Daniel, whose name was currently Lester Farley, would take point as the designated tracker. Baruch, now Eugene Sampras of Columbus, Ohio, would stay here and act as facilitator unless the track split.

When they were set up, Eugene drove them back onto I-91 and past the Morisson turn-off.

They were operating on two assumptions. The first was that the man they were looking for would head north toward the border rather than south. For a man who had just killed four people, getting out of the United States would be the only safe bet. The other was that he would never cross the border in the Impala he had taken from the girl’s house. He would know it was only a matter of time before the car was discovered and called in. Unless he had made some prior arrangement. But that was unlikely, considering he had apparently only been following the woman who had been shot. He would be looking to cross the border unnoticed, and the innocuous little truck stop was the first place they found that might offer such a chance.

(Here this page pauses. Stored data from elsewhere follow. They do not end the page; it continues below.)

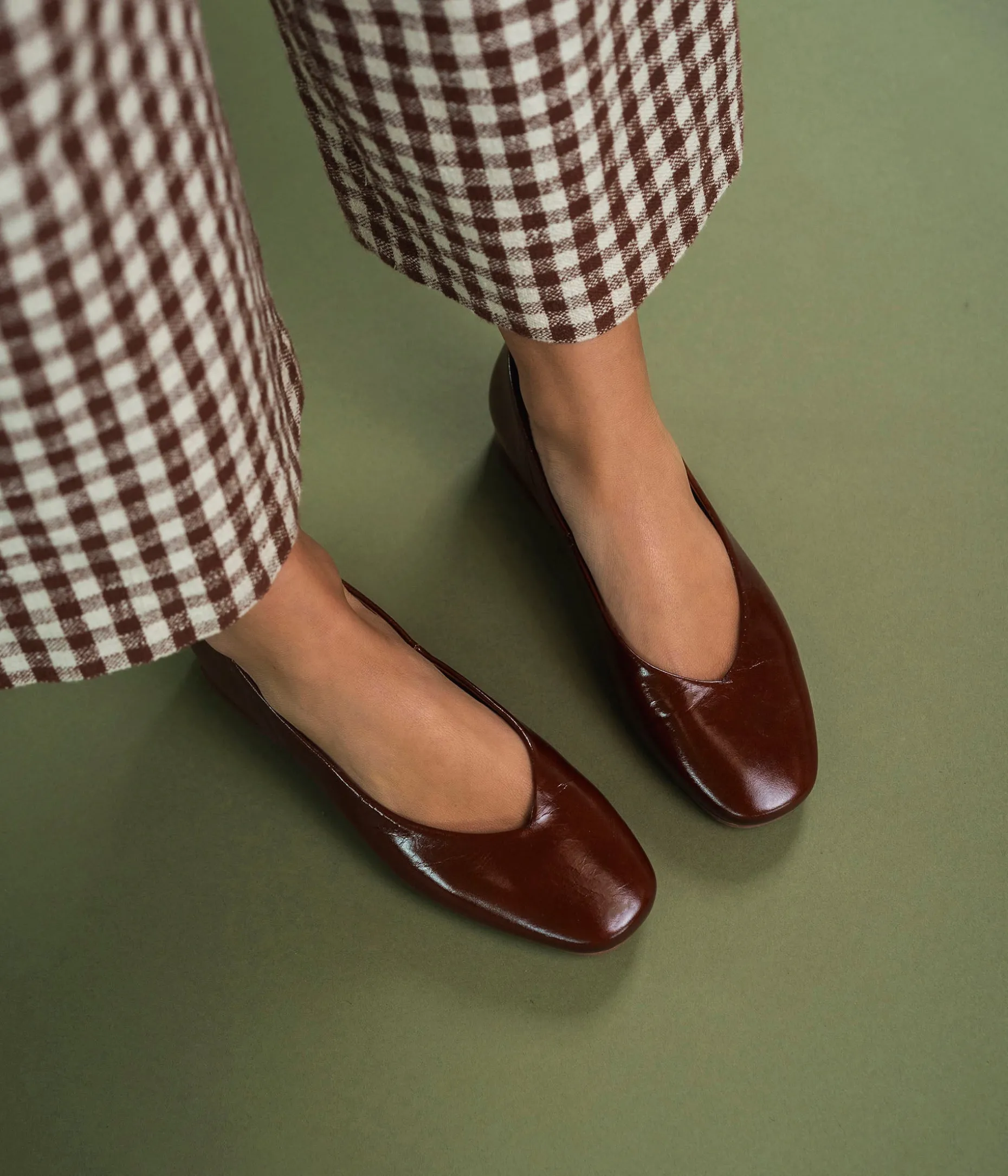 Une ballerine en cuir cognac fabriquée avec soin au Portugal. Elle affiche une allure contemporaine avec son bout carré et son décolleté en V qui dévoile largement le dessus du pied. Elle repose sur une semelle fine et un petit talon enrobé. Une chaussure entièrement doublée cuir avec semelle intérieure cuir dotée d'une fine mousse. Son cuir vintage est un cuir d'aspect vieilli qui se patine avec le temps, un cuir brillant qui affiche un aspect plus ou moins froissé, dont la tonalité peut varier, et qui peut avoir un aspect « déjà porté ».
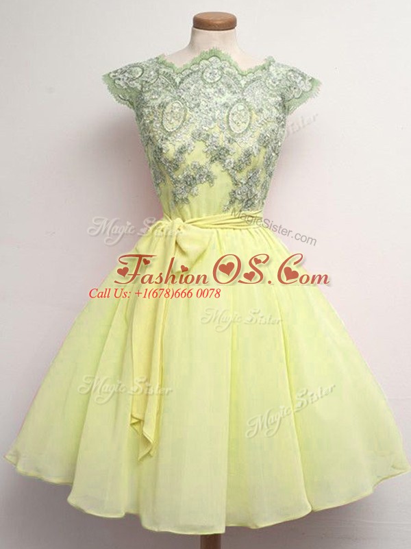Colorful Chiffon Cap Sleeves Knee Length Quinceanera Court Dresses and Lace and Belt
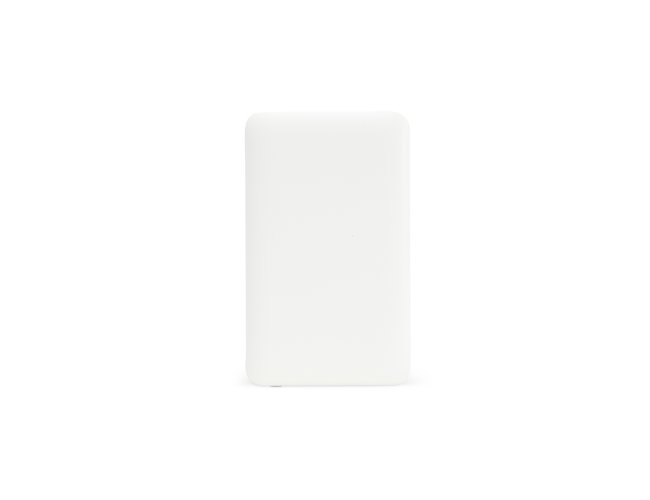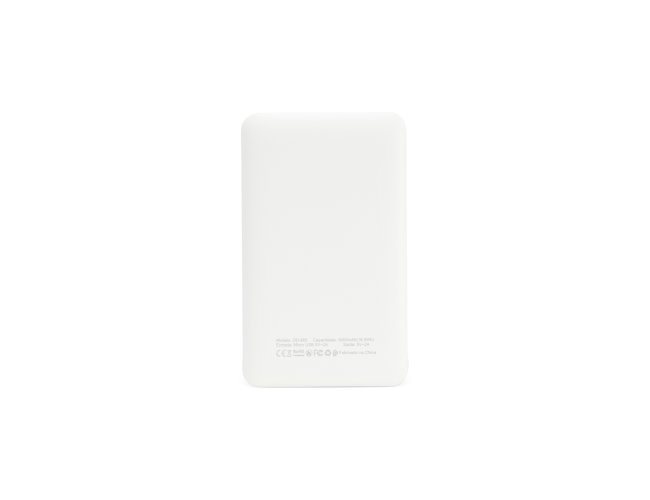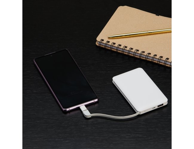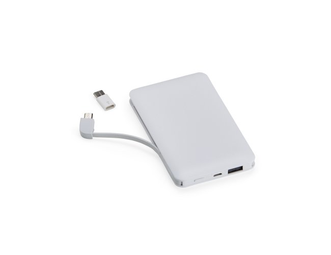 Power bank plástico de 5.000mAh com indicadores led de bateria e cabos acoplados: Lightning e V8. Acompanha cabo USB-V8 e adaptador Tipo-C.
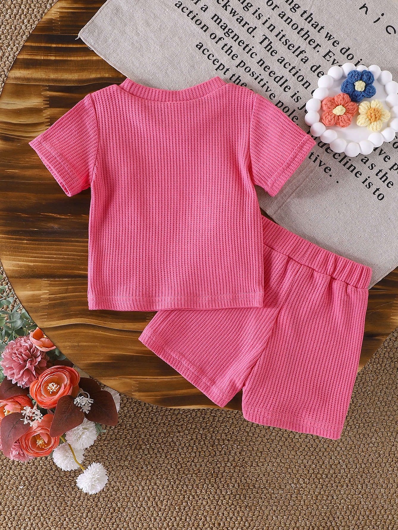 25 대외 무역 유럽과 미국 여름 귀여운 소녀 세트 단색 자수 편지 반바지 반바지 투피스 세트스토어 가기

Eugene dropped Lester off beside the small gravel parking lot and returned to the motel. Lester ignored the diner and headed back down the interstate looking for signs of either the car or its occupants. When he had walked half a mile and found nothing, he moved into the woods.

It took him another ten minutes to find what he was looking for. The tracks were fresh. Three sets, two male, one female. The girl had been tired by this point. Her constant need to match the pace of the men made her strides inconsistent. He followed the tracks back until he found the Impala. A quick look inside was all the confirmation he needed. There was a faint trace of smoke and body odor. The man had been busy killing, and killing was hard work.

He had now returned to the diner and stood studying the dilapidated structure. There were no other cars in the parking lot and no guests inside.

Lester went in and ordered a hamburger and a glass of Coke. When the vile creature who served him walked back into the kitchen, he studied the room and tried to imagine his quarry sitting right here in this very seat. That was the trick; you couldn’t guess what a target might do, you had to
be
the target. He would be looking for someone in the diner who might agree to give them a ride. Most likely a truck driver or a single male.

When the cook returned and set the hamburger down in front of him, Lester conjured up a mental image of the cook lying face down on the counter with a meat cleaver protruding from his back. He brushed the idea aside and forced himself to smile. In a flawless Southern accent he said, “Say there, Chef. You wouldn’t know if there was any chance I might find myself a ride on up to the border around here, would you?”

The man looked at Lester and smiled back. His teeth, the few that had survived, were bent and tobacco-stained. “We get the odd trucker heading up that way now and then.”

Lester forced himself to take a bite of the burger. With considerable effort, he commanded his features to ignite in appreciation. “I’ll be damned! That’s what I call a burger. Haven’t had me one this nice since I left Texas, and that was more years ago than I care to remember.”

He could almost smell the cook’s sudden change of heart. Whereas before he had been politely cautious, now he began to positively ooze good cheer.

“Thank you very much,” the cook said. “Now that I think about it, there’s a man who does a run up to Quebec somewhere three days a week. Runs a little firm with his cousin delivering car parts or something. He came through here yesterday and gave a fella a ride up there. His cousin Ned does the Wednesday run. Usually stops in here around three in the morning for a bite. I reckon it’d be worth your while asking him if you can wait that long.”

Lester gave the man an even wider grin and said, “Why that’s real kind of you, Chef. You think he’d do it?”

“You won’t know if you don’t ask,” the cook said.

Lester forced down the rest of the hamburger and had to exert his considerable willpower to stop himself throwing it back up. He picked up the plate and held it out to the cook, who now seemed to think they were best friends and was doing the talking to prove it.